General David Petraeus, who formerly commanded U.S. forces in Afghanistan and Iraq, said that the system for issuing S.I.V.s to military translators was broken. “It is accurate to say that it takes longer to get an S.I.V. than for us to put a rover on Mars,” Petraeus said. “It’s a very lengthy process with a lot of bureaucratic Stations of the Cross, and any adverse information, whether verified or not, can actually bring the process to a halt.” Petraeus called for the Biden White House to accelerate the issuing of visas for military translators. “The military has a lot of resources, needless to say, but it requires policy decisions, and that is where the issue is.”

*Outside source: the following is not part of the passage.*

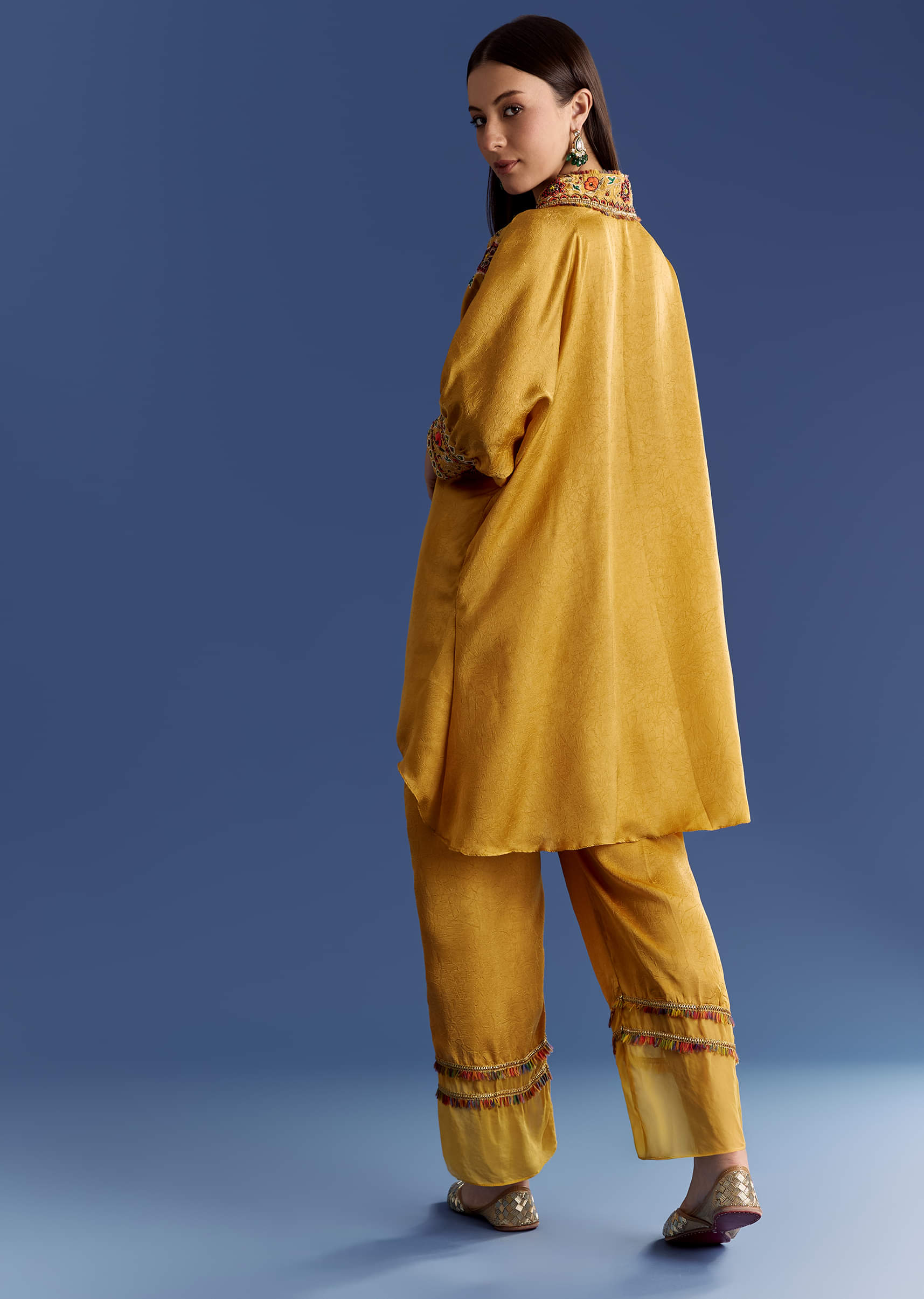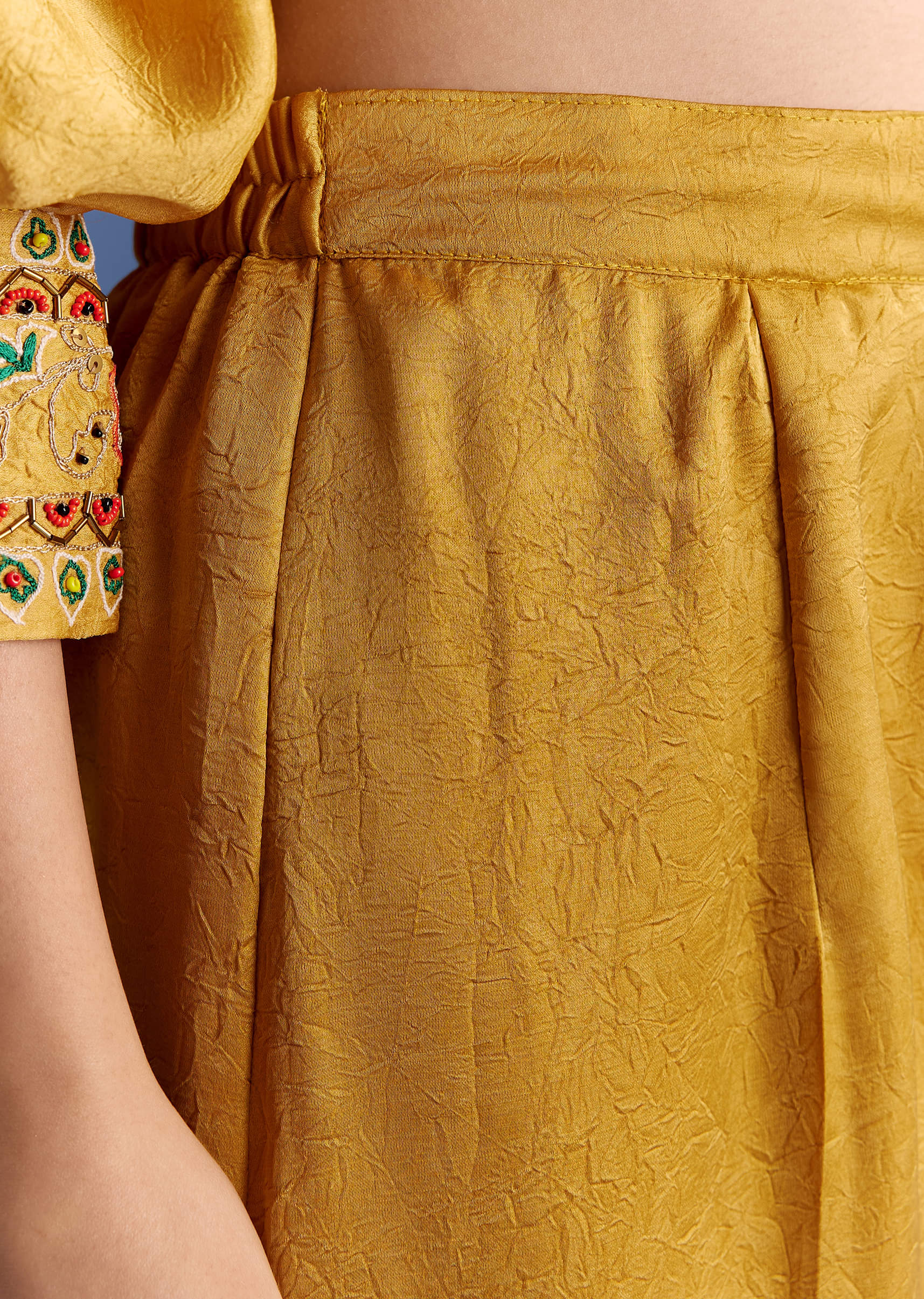 Yellow Crush Silk Kurta Set With Resham And Beads Work

Biden Administration officials have said that they are working as fast as possible to issue visas to military interpreters, and that they’re weighing whether to issue visas to Afghans involved in civilian aid projects as well. Jason Crow, a Colorado congressman and Army veteran, who served two tours in Afghanistan, called for Afghans who backed nonmilitary efforts to receive visas as well. “I’m talking more broadly about those whose lives will be in jeopardy due to our ongoing withdrawal,” Crow told me, “looking hard at civic and community and women leaders in the country who will be under extreme risk going forward.”
With the U.S. withdrawal four weeks away, the uncomfortable truth is that it will be impossible to evacuate everyone who is at risk of Taliban reprisal. The Afghans I spoke with said that they did not regret backing the American effort and that they were proud of the economic and humanitarian gains Afghanistan had made over the last two decades. But they felt that a rushed American withdrawal was causing them to be treated unfairly. During our conversation in his home, Ahmed, the former military translator, explained that several of his relatives had worked for the Canadian military. “Now they live in Canada,” he said, as his four children watched.